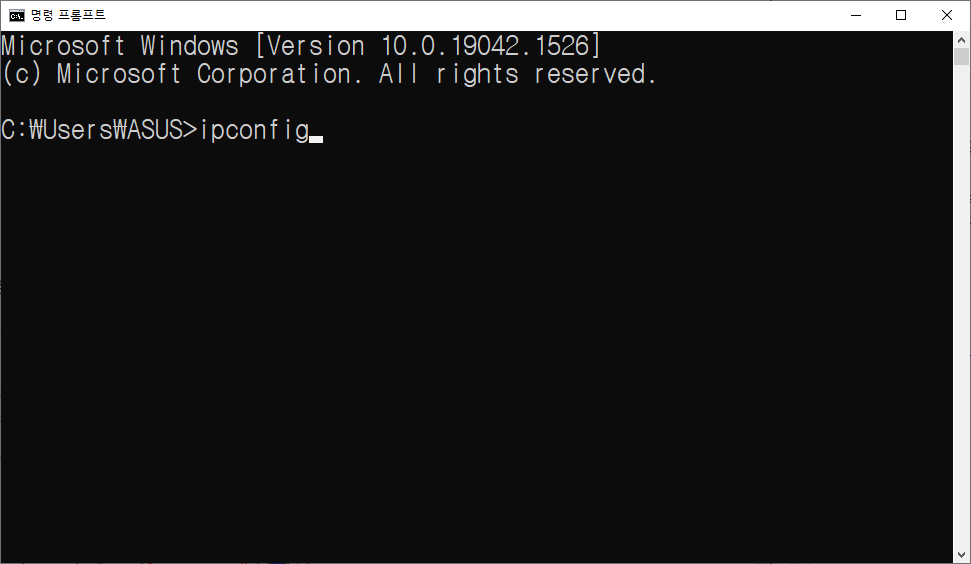 클릭해서 CMD 창을 켜주신 후 ipconfig를 입력하고 엔터 눌러주시면 Window IP 구성이 나옵니다.
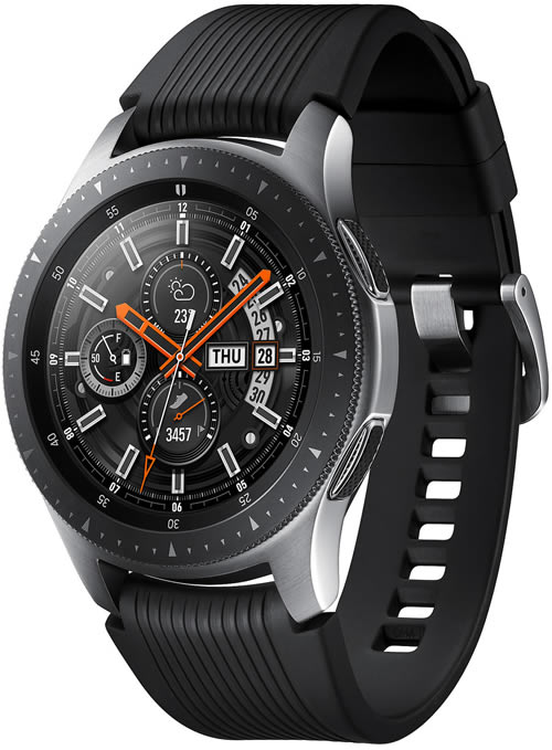 Samsung Galaxy Watch ขนาด 46 มิลลิเมตร มีให้เลือกเฉพาะสี Silver มากับจอแสดงผล Circular Super AMOLED (360 x 360 พิกเซล) ขนาด 1.3 นิ้ว แบตเตอรี่ 472mAh ราคา 349.99 ดอลล่าร์สหรัฐ หรือราว 11,625 บาท
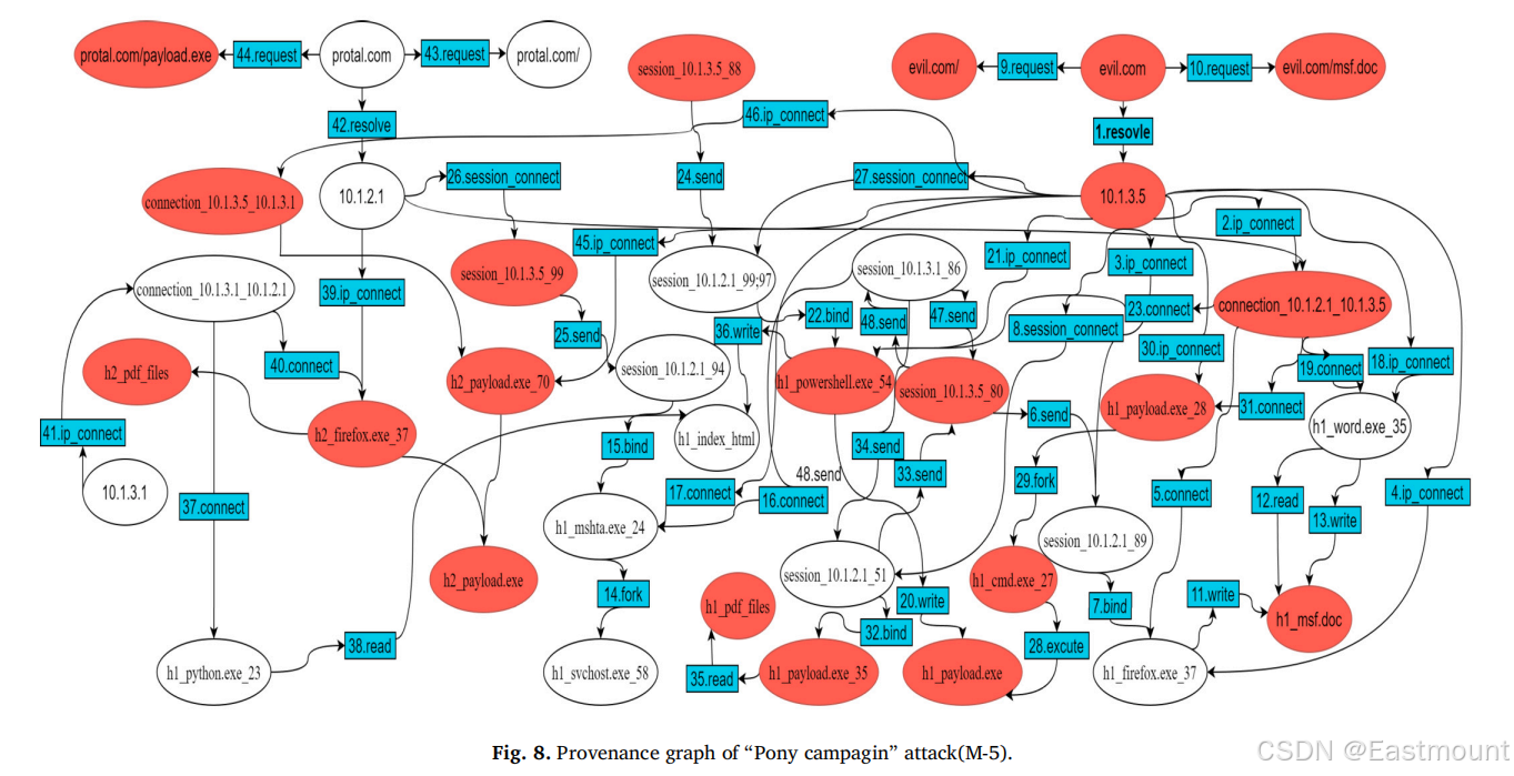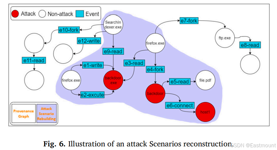 - 攻击序列构建:设置攻击实体集合,基于实体在溯源图检索相关领域子图,并基于这个子图把所有和攻击实体相关的事件作为攻击序列
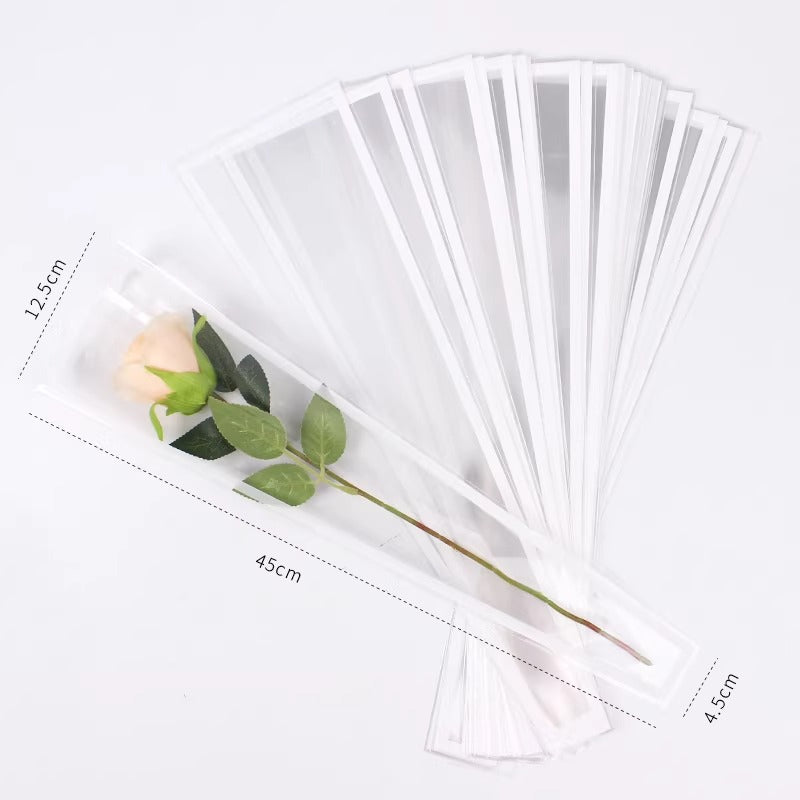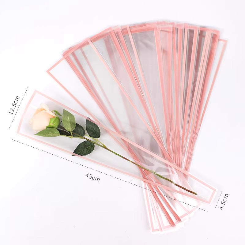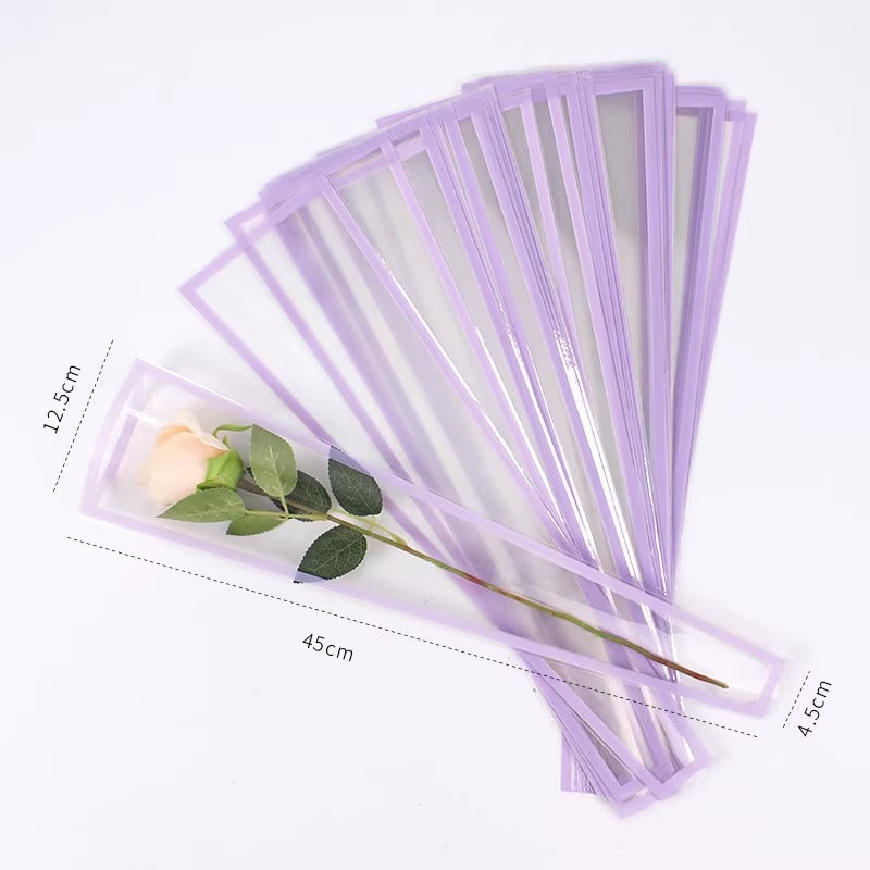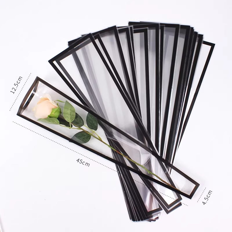 This transparent bag with a colorful frame is ideal for packaging fresh single stem roses. The see-through design showcases the beauty of the flowers, while the colorful border adds an elegant touch. Its stylish and practical design makes it a great choice for florists and gift shops aiming to present their flowers in a unique and attractive way.
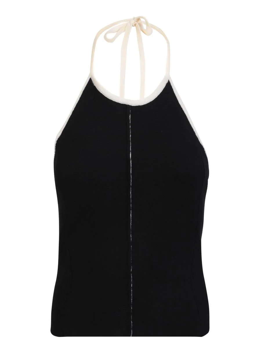 Halterneck black top by Sunnei. The garment presents creativity that is not caged in the concept of trends Halterneck tie fastening. Sleeveless. Open back. Contrasting details. Knitted construction. Regular fit. Straight hem. Color: black/ white Made in Italy Material: 100% Cotton Gender: Women Material: 100% COTTON Color: BLACK Made in: IT Product ID: CRTWWKNW00 8KNT017 001 *Import tax/duty will be calculated at checkout (If applicable)
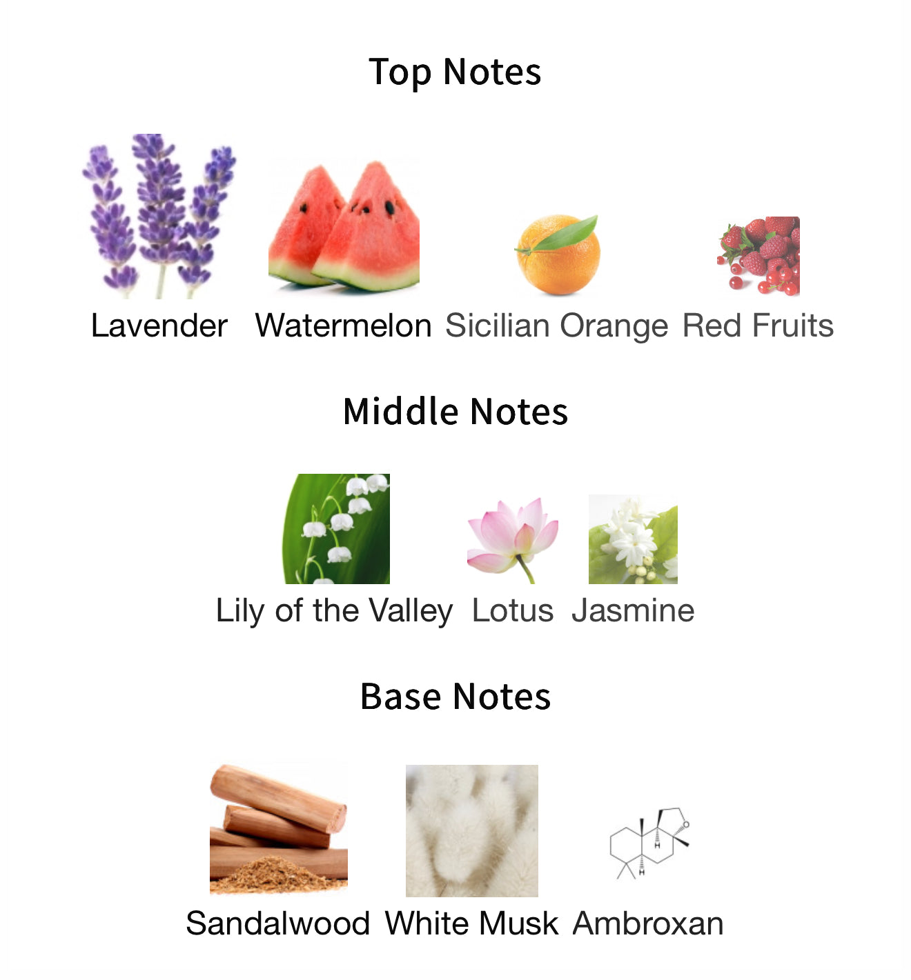 - Top: Lavender, Watermelon, Sicilian Orange, Red Fruits
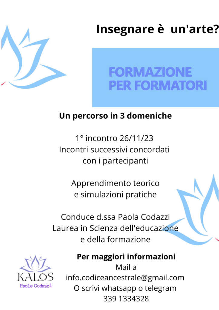 Al fine di preparare i formatori a creare i loro corsi in modo funzionale, con i migliori supporti didattici e con le corrette modalità di comunicazione, propongo incontri di Formazione per Formatori. I percorsi si possono svolgere nella mia zona, in Provincia di Verbania, o su richiesta in altre sedi o online, sia con lezioni di gruppo che individuali. Se ti interessa questo argomento e non trovi un evento pianificato in questo periodo, contattami, che cerchiamo di comprendere cosa posso proporti in modo personalizzato in base alle tue esigenze.
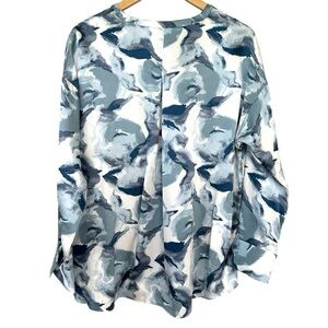 Chic abstract print with a v-neck. Long sleeves and relaxed fit. Ideal for versatile styling. The silk is impossibly soft to the touch and feels wonderful on.
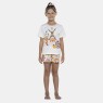 Conjunto pijama manga curta com detalhe em viés no decote e estampa local na parte frontal, e short com estampa corrida, confeccionados em tecido meia-malha 100% algodão.
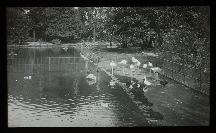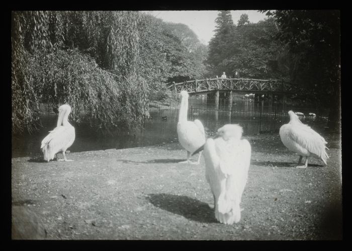 Glasdia van pelikanen in de Diergaarde
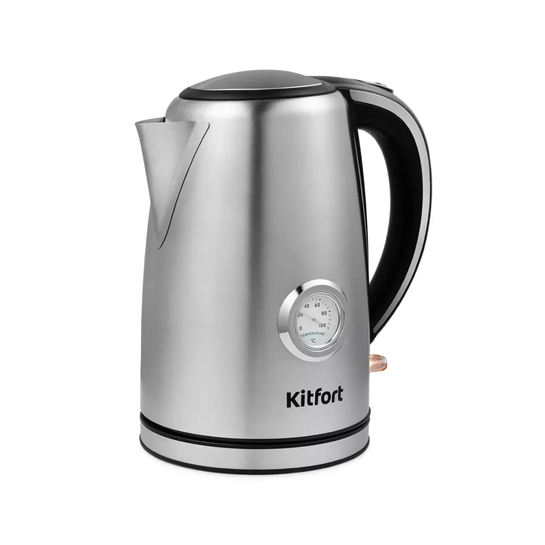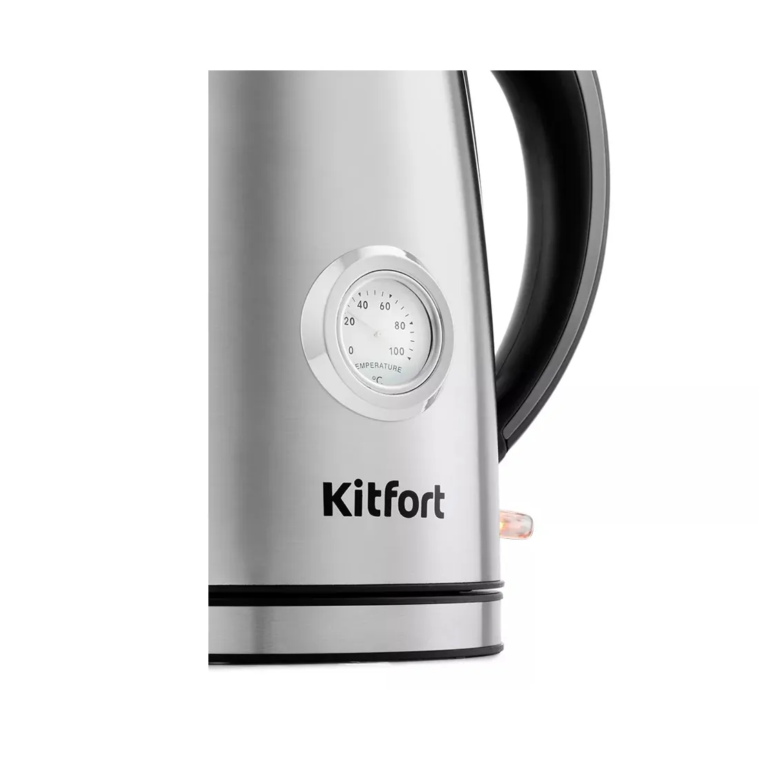 На корпусе чайника Kitfort KT-676 расположен термометр, который показывает температуру воды. Это удобно, если вы готовите напитки, для которых требуются определенная температура воды, например, зеленый чай, белый чай, кофе и т. д.
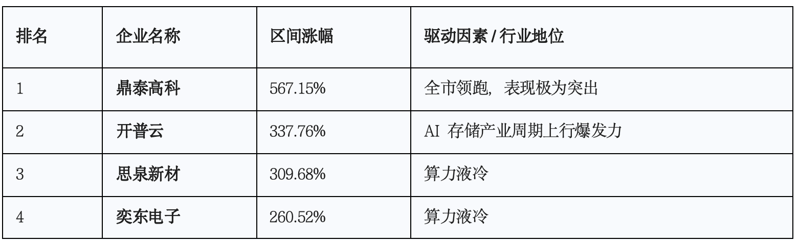 在个股方面,多家企业表现亮眼。比如,鼎泰高科以567.15%的涨幅位居榜首;开普云紧随其后,上涨337.76%,显现出布局算力存储赛道后的成长潜力;思泉新材、奕东电子、安达智能等公司也凭借细分领域的技术优势,分别实现309.68%、260.52%和245.66%的显著涨幅。
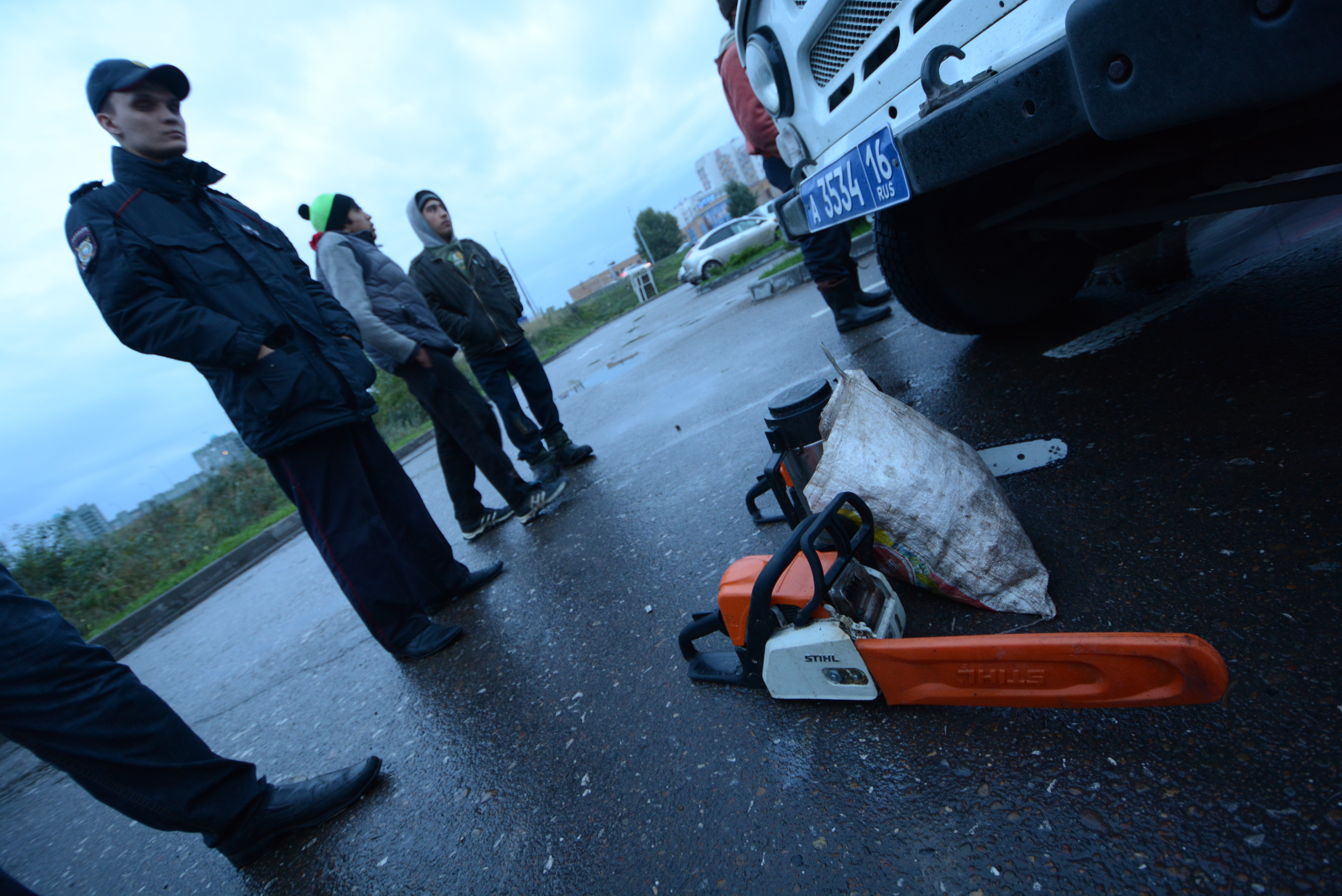 Они выходят из посадки, как окруженные партизаны – молчаливые, грязные, в засаленных толстовках и куртках. Для полного соответствия не хватает лишь поднятых рук. Перед "УАЗиком" разоружаются, складывая на асфальт у капота бензопилы и сумки. Баллон с горючим для пил, который мы заметили у них еще на площадке, видимо, успели надежно спрятать в кустах.
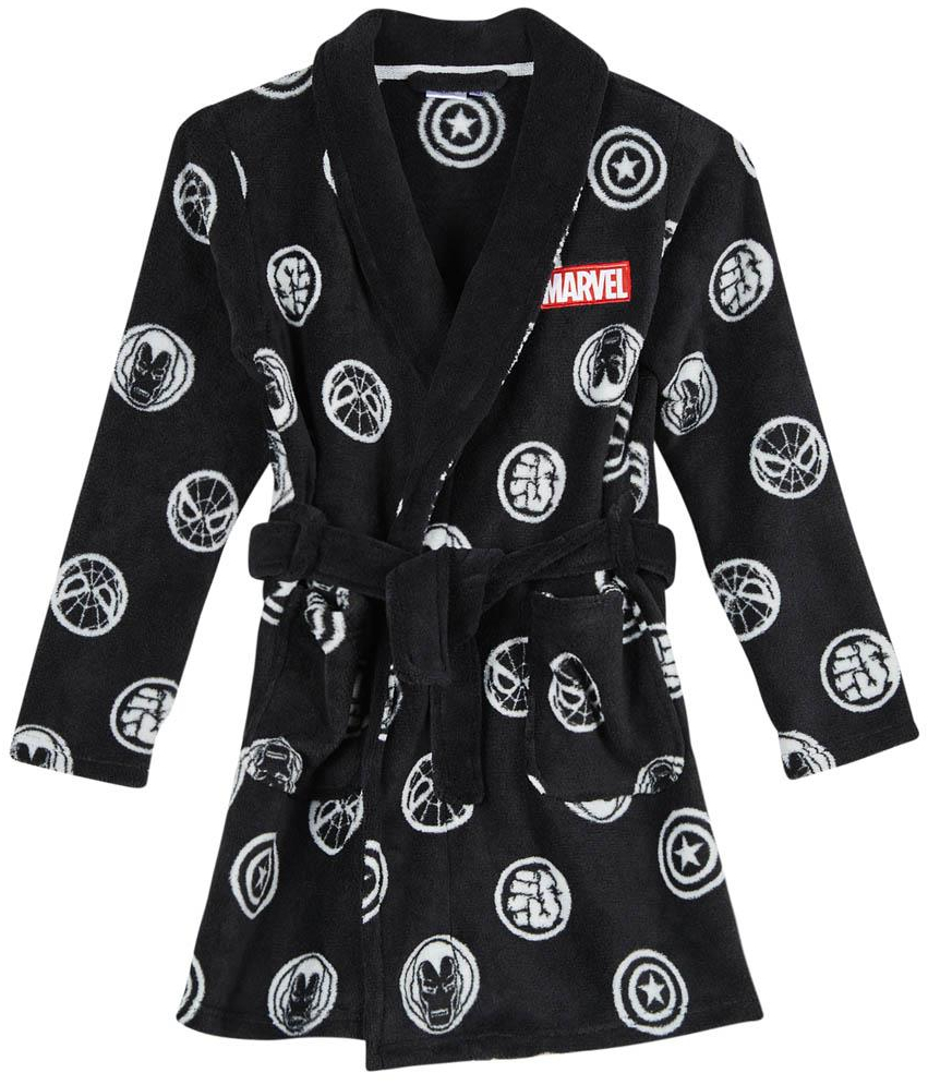Kvalitní černý župan pro každého menšího i většího fanouška superhdinů Avengers s motivem Heroes Icon Logo.

◇ ◇ ◇ ◇

> _Try it_:
Beginning with the line that holds "在个股方面,多家企业表现亮眼", write out exactly the lines down to the end of the material above, and no others. Pictures are not part of the copy.

> _Exercise result_:
 在个股方面,多家企业表现亮眼。比如,鼎泰高科以567.15%的涨幅位居榜首;开普云紧随其后,上涨337.76%,显现出布局算力存储赛道后的成长潜力;思泉新材、奕东电子、安达智能等公司也凭借细分领域的技术优势,分别实现309.68%、260.52%和245.66%的显著涨幅。
 Они выходят из посадки, как окруженные партизаны – молчаливые, грязные, в засаленных толстовках и куртках. Для полного соответствия не хватает лишь поднятых рук. Перед "УАЗиком" разоружаются, складывая на асфальт у капота бензопилы и сумки. Баллон с горючим для пил, который мы заметили у них еще на площадке, видимо, успели надежно спрятать в кустах.
Kvalitní černý župan pro každého menšího i většího fanouška superhdinů Avengers s motivem Heroes Icon Logo.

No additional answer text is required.